Matching Unicode letter characters in PCRE/PHP
I'm trying to write a reasonably permissive validator for names in PHP, and my first attempt consists of the following pattern:
// unicode letters, apostrophe, hyphen, space
$namePattern = "/^([\\p{L}'\\- ])+$/";
This is eventually passed to a call to preg_match()
. As far as I can tell, this works with your vanilla ASCII alphabet, but seems to trip up on spicier characters like Ă or 张.

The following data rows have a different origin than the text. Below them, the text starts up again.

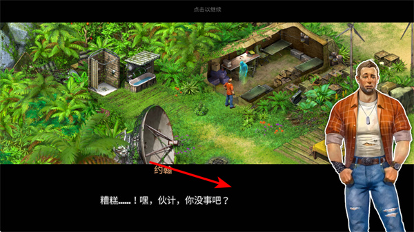 1、在劇情對話界面,點(diǎn)擊點(diǎn)擊以繼續(xù),可推進(jìn)與約翰的劇情互動,了解荒島生存的背景故事,解鎖后續(xù)游戲內(nèi)容。
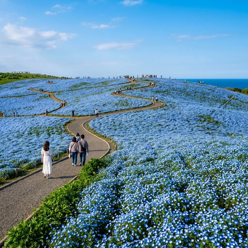 - Miopía de Nemophila: En primavera, las colinas se cubren de millones de pequeñas flores azules (Nemophila) que parecen fundirse con el cielo y el mar. Es una de las imágenes más virales de Japón.
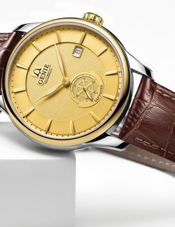 Golden yellow, textured motif. 12 gold-plated hour-markers. Small seconds at 6 o’clock. Date window at 3 o’clock
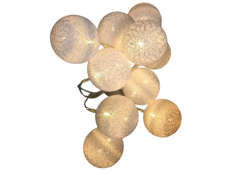 Tauchen Sie Ihre Umgebung in ein zauberhaftes Licht mit unserer 10er Kugellichterkette, deren Kugeln mit edlen Raffia-Fasern in strahlendem Weiß umhüllt sind.
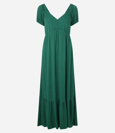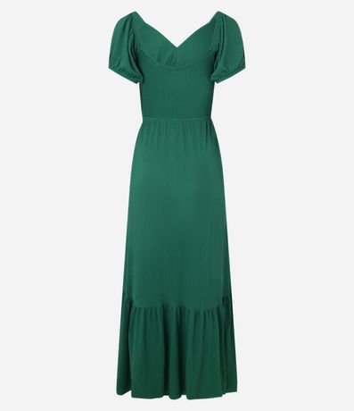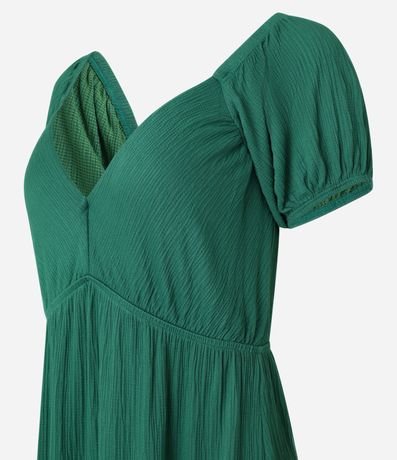 Ref: Vestido midi com manga curta, decote coração, texturizado, confeccionado em viscose mais sustentável e sem estampa.
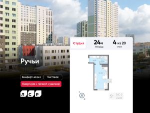 Продаётся студия в ЖК "Ручьи" на 4 этаже. Общая площадь составляет 24.00 кв. м. Квартира с чистовой отделкой. Жилой комплекс "Ручьи" располагается по адресу Санкт-Петербург, Красногвардейский.
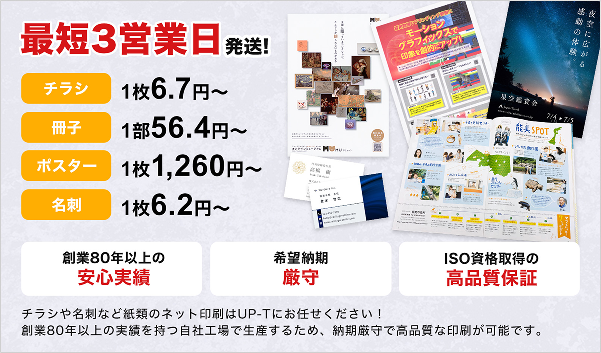 紙のネット印刷はUP-Tにご依頼ください!
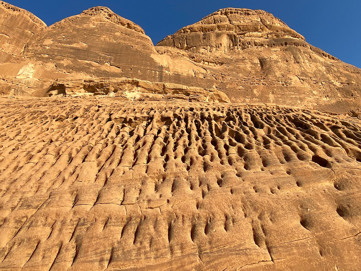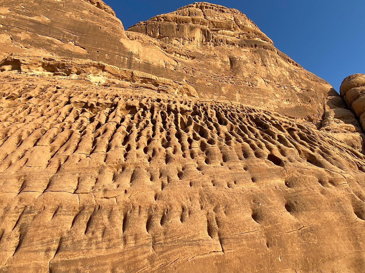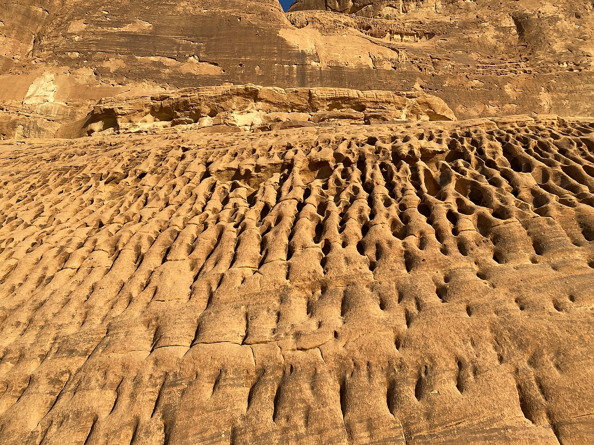 يثير جبل أثلب في الحجر بمحافظة العلا فضول الزائرين بواجهاته الصخرية المليئة بثقوب دقيقة تبدو كأنها منحوتة بعناية، هذه التشكيلات الطبيعية المثيرة تُعرف باسم “التافوني”، وهي إحدى الظواهر الجيولوجية المدهشة التي تميّز صخور الحجر الرملي في العلا .
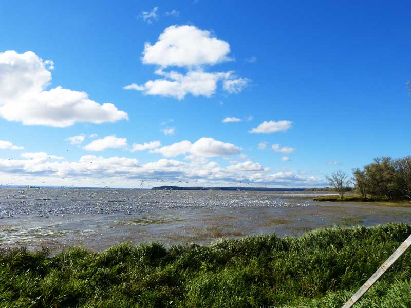Zuerst fuhren wir zum nationalen Wildreservat von Cap Tourmente, da wir gelesen hatten. dass sich dort im Herbst die Schneegänse auf ihrem Flug nach Süden sammeln. Sie kehren jedes Jahr an den gleichen Plätzen ein, um für ihren Weiterzug an die Ostküste Nordamerikas Kräfte zu tanken.
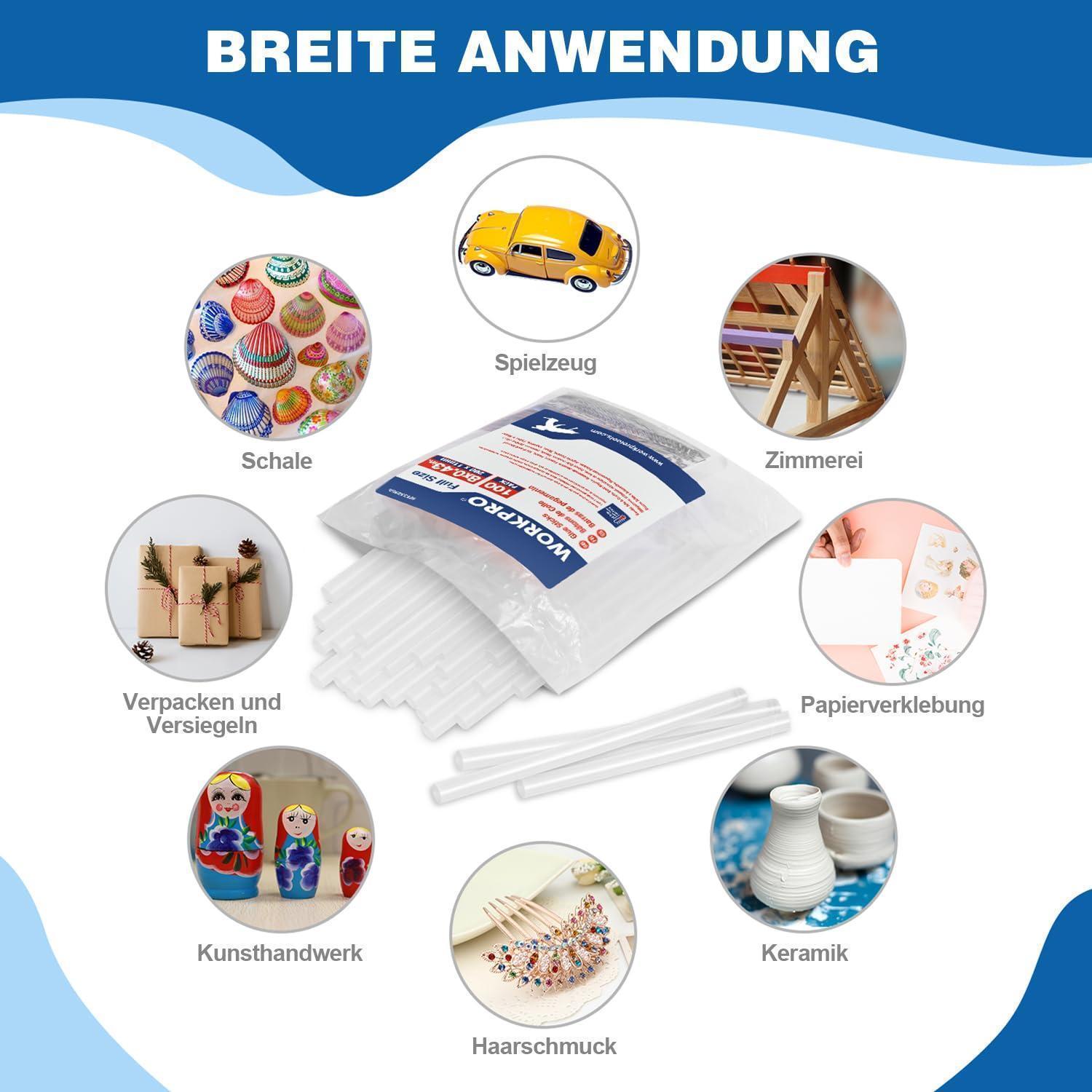 Universelle Größe: WORKPRO Heißklebestifte sind kompatibel mit allen Heißklebepistolen mit einem Betriebsdurchmesser von 11 mm. Darüber hinaus verfügt dieses Set über 100 Teile, die Ihren Bedürfnissen im Haushalt voll gerecht werden.
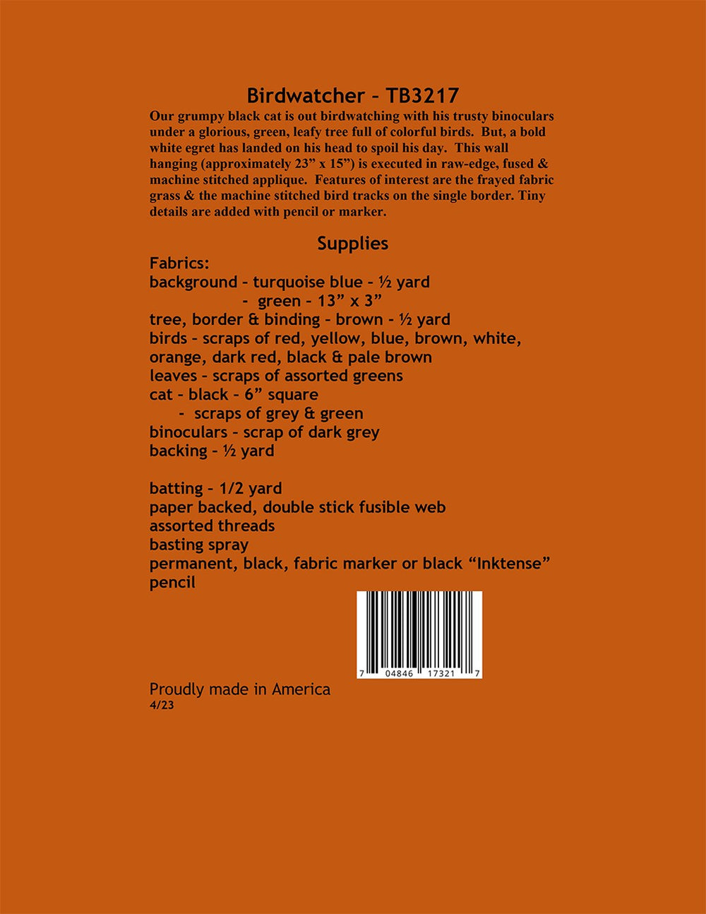 Birdwatcher Quilt Pattern is backordered and will ship as soon as it is back in stock.
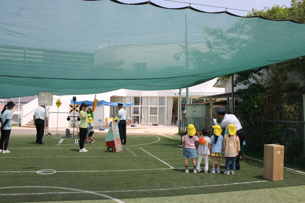 5月19日(月)に交通安全教室があり道路管理課の方が来園され、 年長組さんと年中組さんがホールに集まり交通安…
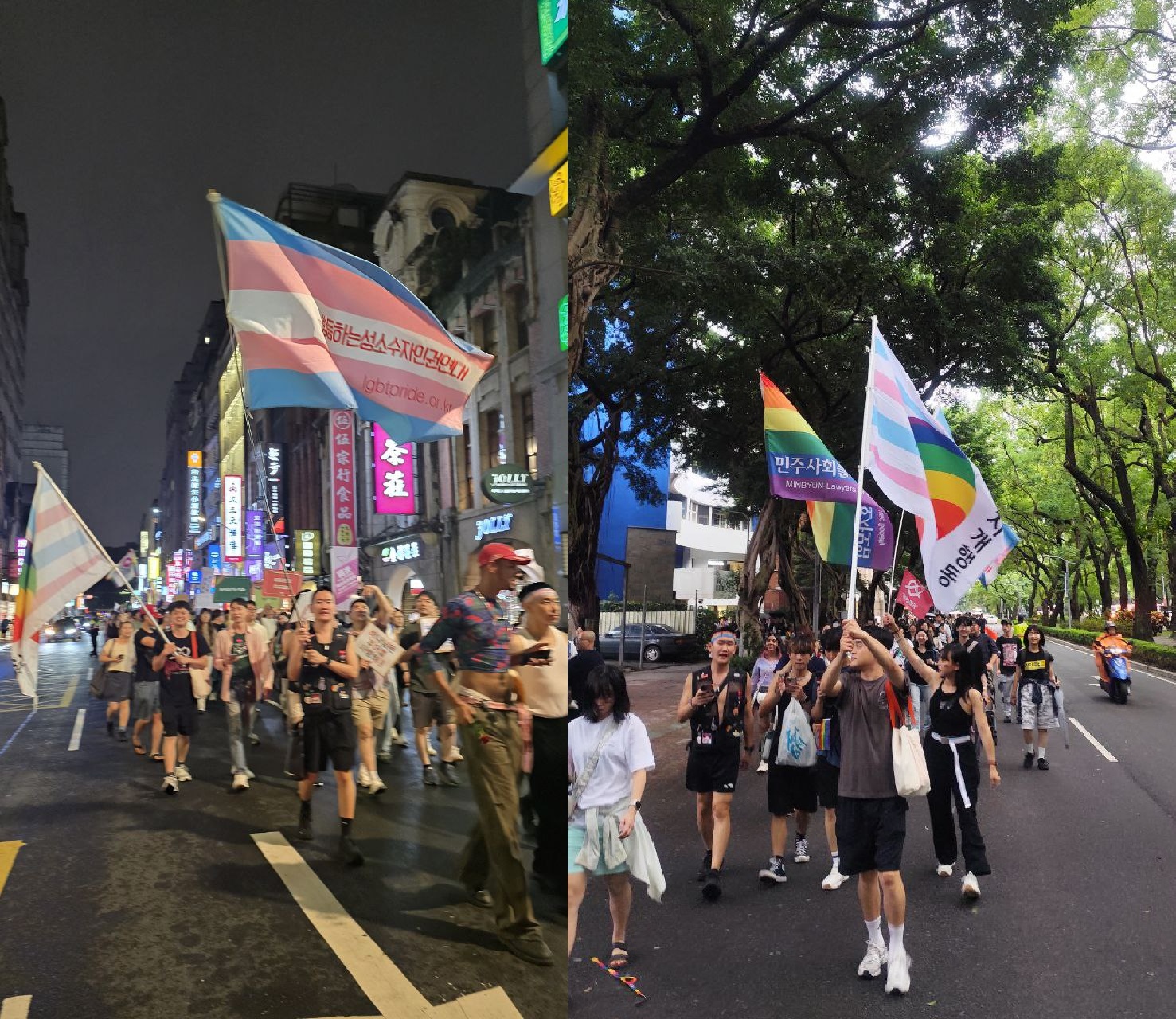왼쪽: 10월 24일 대만 트랜스마치 행진  / 오른쪽: 10월 25일 대만 퀴어퍼레이드 행진
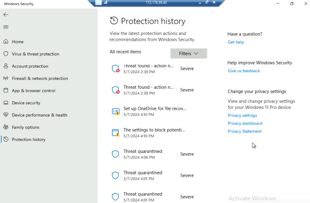 Task 4: Checking protection action and recommendations from Windows Security
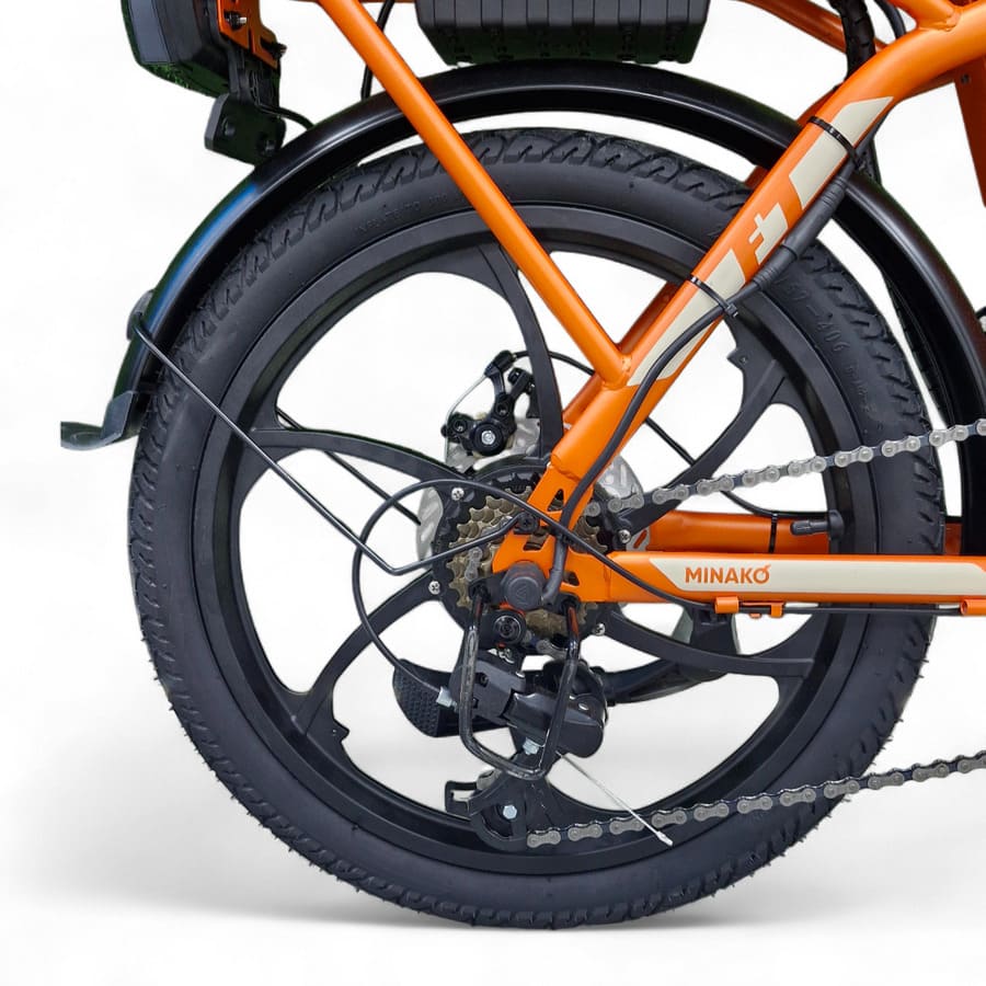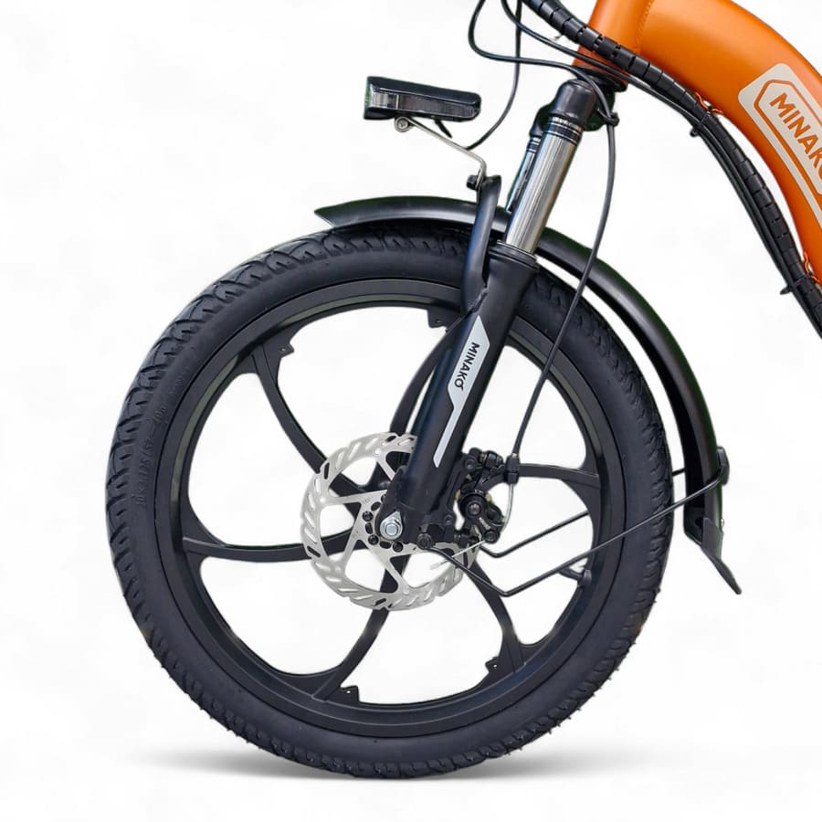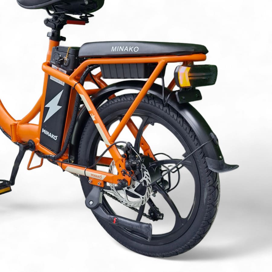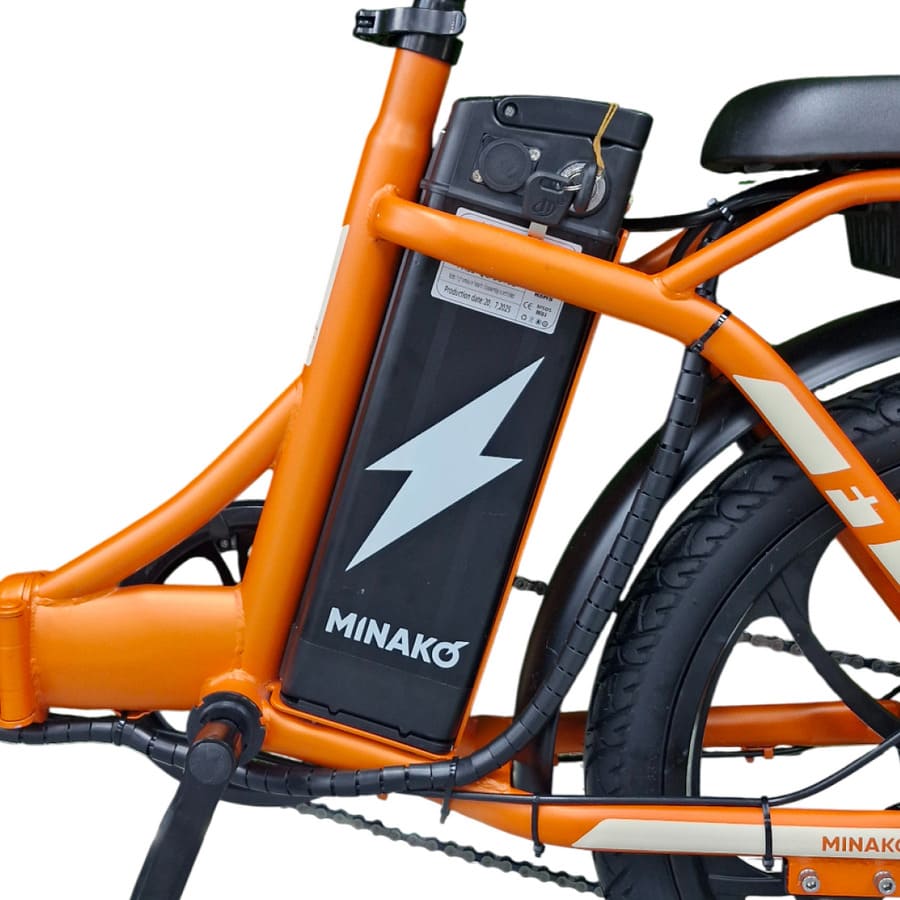 Minako F7 оснащён сигнализацией для защиты от угона, что особенно важно при использовании в городской среде. Это практичный, функциональный и надёжный электровелосипед, сочетающий в себе проходимость, грузоподъёмность и удобство складывания. Идеальный выбор для семьи, доставки или активного отдыха — технологичный транспорт для тех, кто ценит комфорт и свободу передвижения.

Is there something wrong with the pattern itself? Perhaps I'm expecting \p{L}
to do more work than I think it does?
Or does it have something to do with the way input is being passed in? I'm not sure if it's relevant, but I did make sure to specify a UTF8 encoding on the form page.
Solution 1:
I think the problem is much simpler than that: You forgot to specify the u
modifier. The Unicode character properties are only available in UTF-8 mode.
Your regex should be:
// unicode letters, apostrophe, hyphen, space
$namePattern = '/^[-\' \p{L}]+$/u';
Solution 2:
If you want to replace Unicode old pattern
with new pattern
you should write:
$text = preg_replace('/\bold pattern\b/u', 'new pattern', $text);
So the key here is u
modifier
Note : Your server php version
shoud be at least PHP 4.3.5
as mentioned here php.net | Pattern Modifiers
u (PCRE_UTF8) This modifier turns on additional functionality of PCRE that is incompatible with Perl. Pattern strings are treated as UTF-8. This modifier is available from PHP 4.1.0 or greater on Unix and from PHP 4.2.3 on win32. UTF-8 validity of the pattern is checked since PHP 4.3.5.
Thanks AgreeOrNot
who give me that key here preg_replace match whole word in arabic
I tried it and it worked in localhost but when I try it in remote server it didn't work, then I found that php.net start use u
modifier in PHP 4.3.5. , I upgrade php version and it works
Its important to know that this method is very helpful for Arabic users (عربي) because - as I believe - unicode is the best encode for arabic language, and replacement will not work if you don't use the u
modifier, see next example it should work with you
$text = preg_replace('/\bمرحبا بك\b/u', 'NEW', $text);